__Exercise aim__. Please transcribe, word for word, only the lines from the one containing "Toletta con grande" through the last line of the records below, both included, and leave out every picture.

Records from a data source

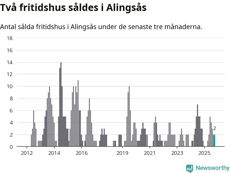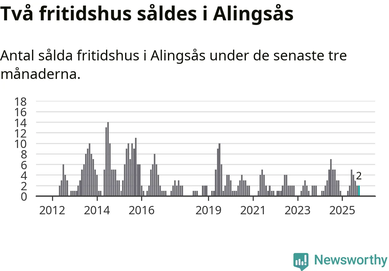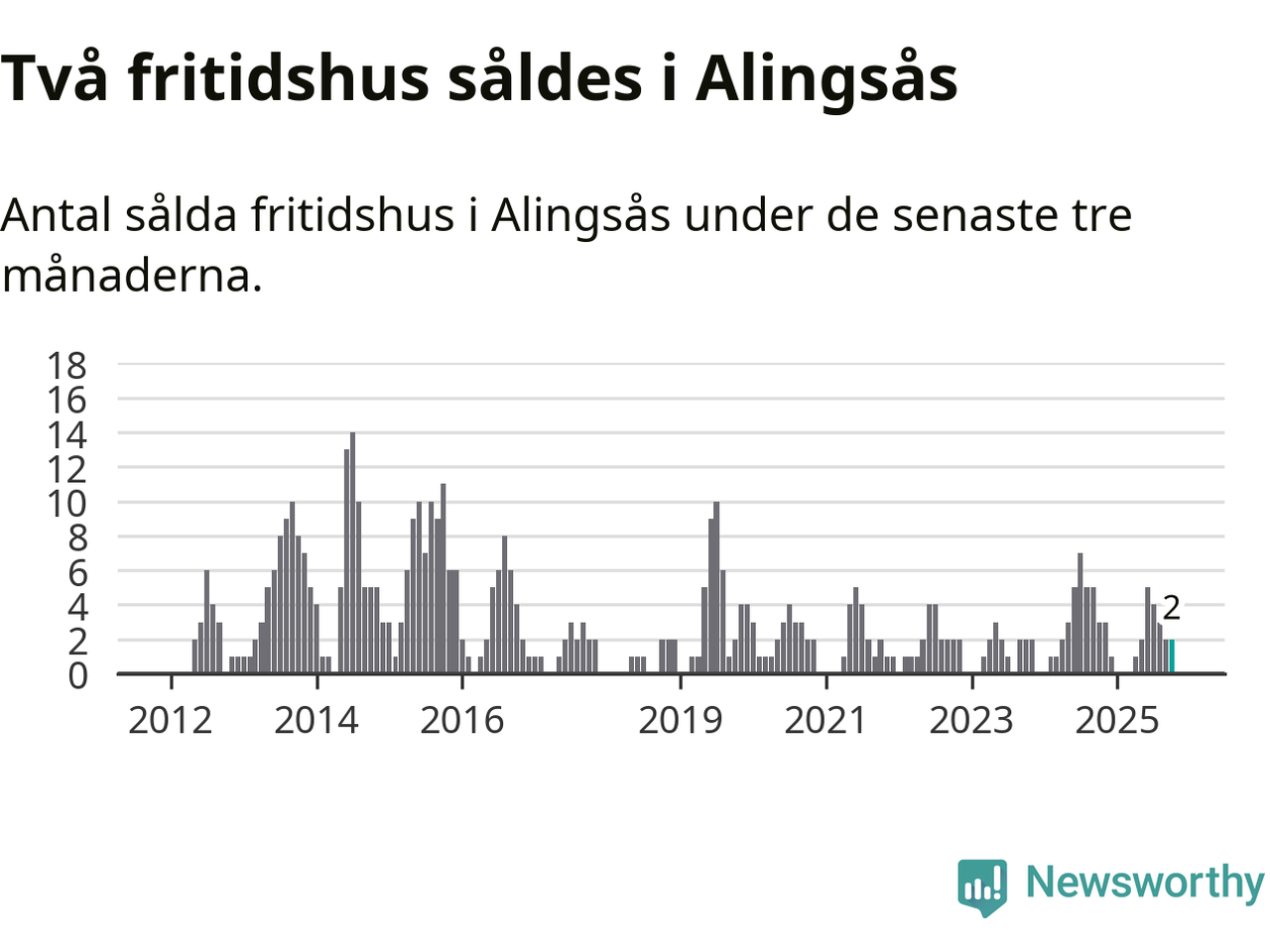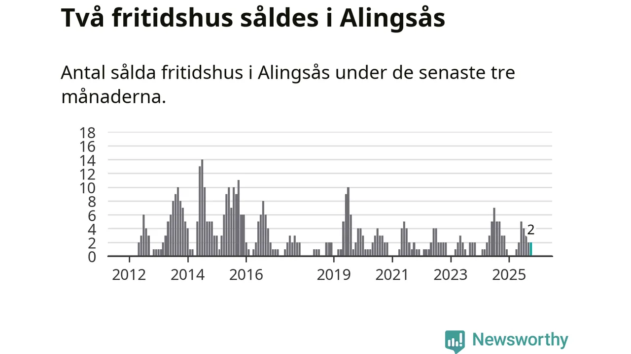 Mellan augusti och oktober gjordes sammanlagt två affärer med fritidshus i Alingsås kommun. Det kan jämföras med tre vid motsvarande tid i fjol.
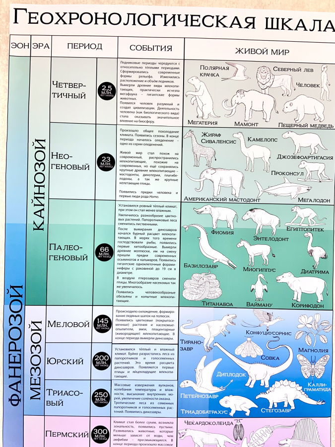Вертикальная геохронологическая шкала занимает мало места. Ее можно разместить возле двери, на двери, в простенке между шкафами или окнами. При этом все ее элементы доступны ученикам. Ее цветовая гамма нейтральная, а изображения организмов, обитавших в разные периоды, контурные черно-белые. И при этом она выглядит привлекательно на стенах любого цвета.
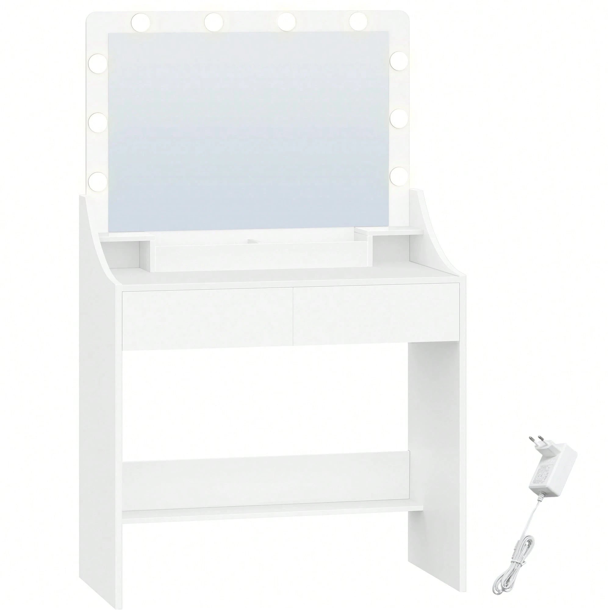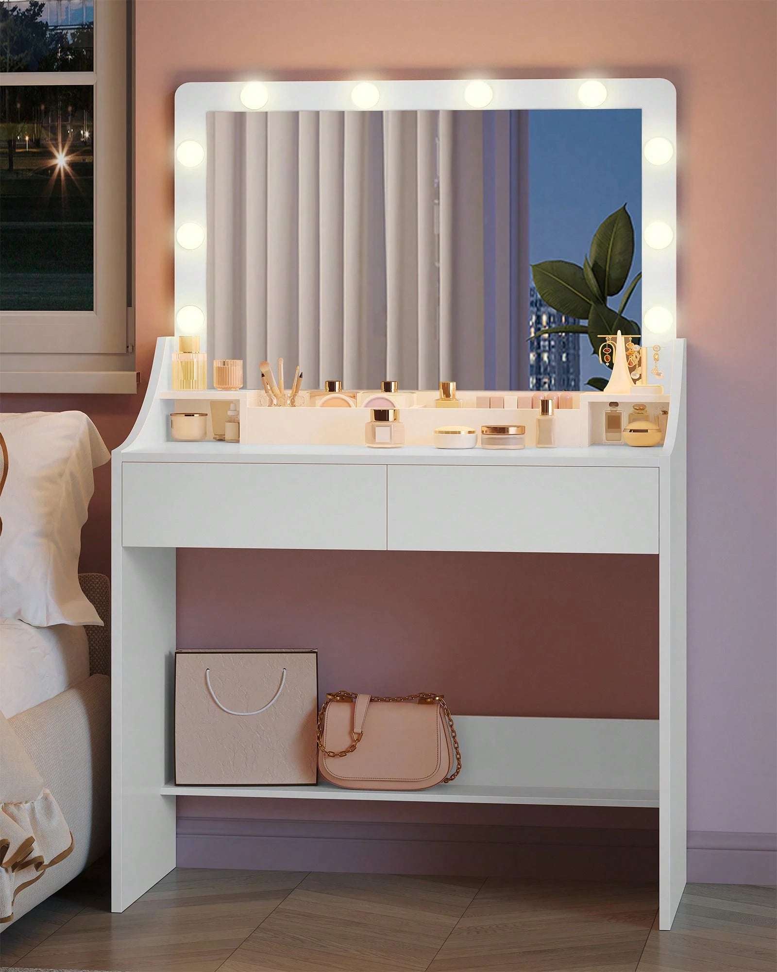 Toletta con grande specchio HD, toletta con 3 luci LED regolabili, toletta con 2 cassetti
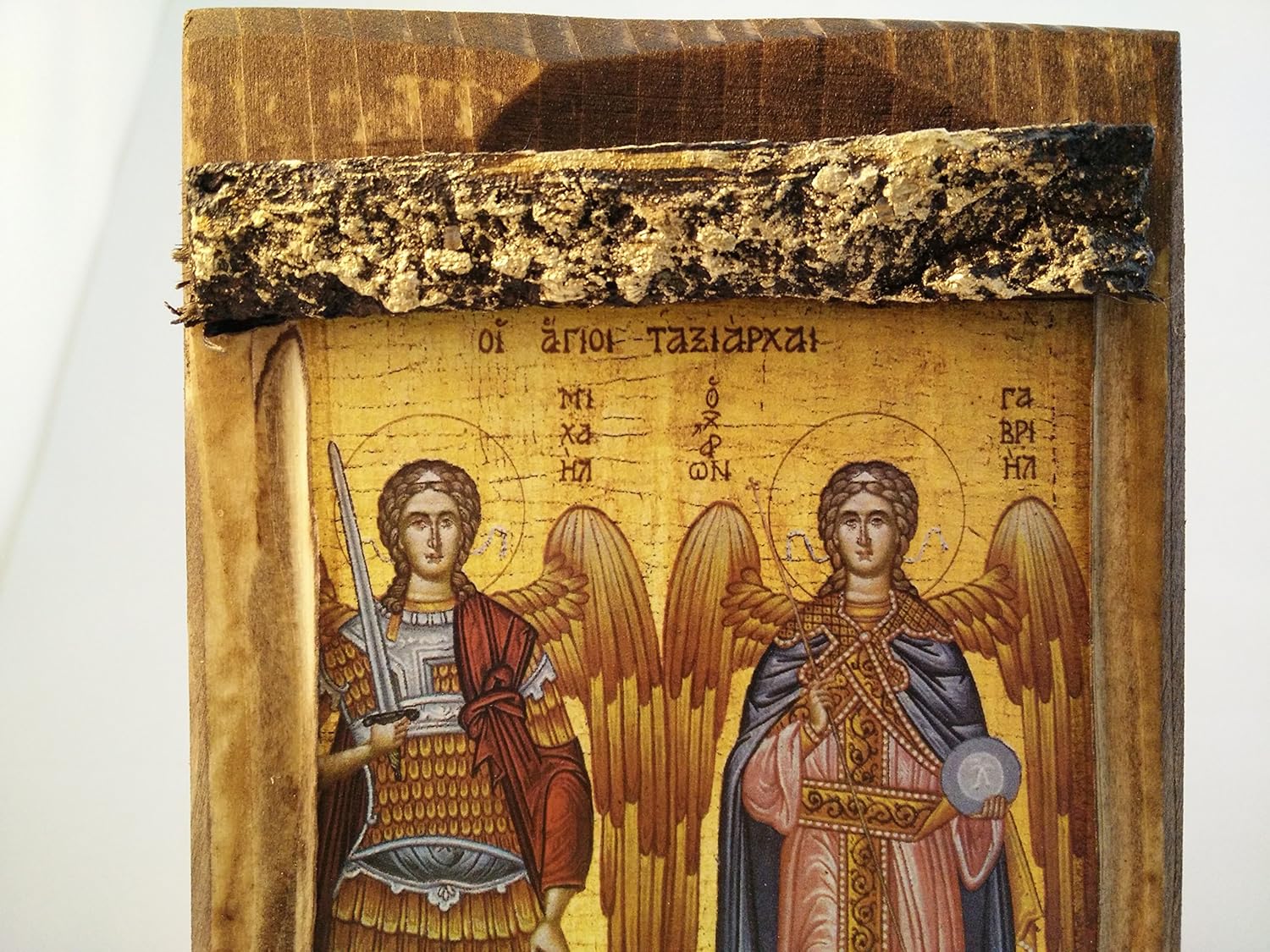Handmade Wooden Greek Christian Orthodox Mount Athos Icon of Archangel Michael and Gabriel / Mp3
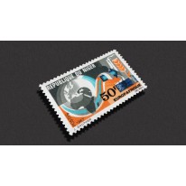 Na znaczku widnieje mapa obu kontynentów oraz symbole rolnictwa i przemysłu.
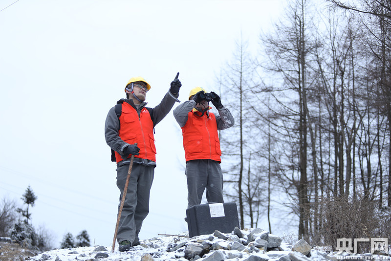 “以雪為令、迎雪而上”。積雪的路面透露出未知和危險(xiǎn),李相如和同事周良每走一段路,樹(shù)上的雪便會(huì)簌簌地掉下!斑@里很滑,要小心一點(diǎn),不要踩在凍土上,找雪厚的地方下腳!弊咴谧钋懊娴娜,總是會(huì)提前用腳試試雪,看是不是實(shí)土,再提醒后面的人沿著他走過(guò)的路前進(jìn)。然而,比起腳踏雪地,他們更小心的是手中的測(cè)量設(shè)備。

__Answer to the problem__.
 Toletta con grande specchio HD, toletta con 3 luci LED regolabili, toletta con 2 cassetti
Handmade Wooden Greek Christian Orthodox Mount Athos Icon of Archangel Michael and Gabriel / Mp3
 Na znaczku widnieje mapa obu kontynentów oraz symbole rolnictwa i przemysłu.
 “以雪為令、迎雪而上”。積雪的路面透露出未知和危險(xiǎn),李相如和同事周良每走一段路,樹(shù)上的雪便會(huì)簌簌地掉下!斑@里很滑,要小心一點(diǎn),不要踩在凍土上,找雪厚的地方下腳!弊咴谧钋懊娴娜,總是會(huì)提前用腳試試雪,看是不是實(shí)土,再提醒后面的人沿著他走過(guò)的路前進(jìn)。然而,比起腳踏雪地,他們更小心的是手中的測(cè)量設(shè)備。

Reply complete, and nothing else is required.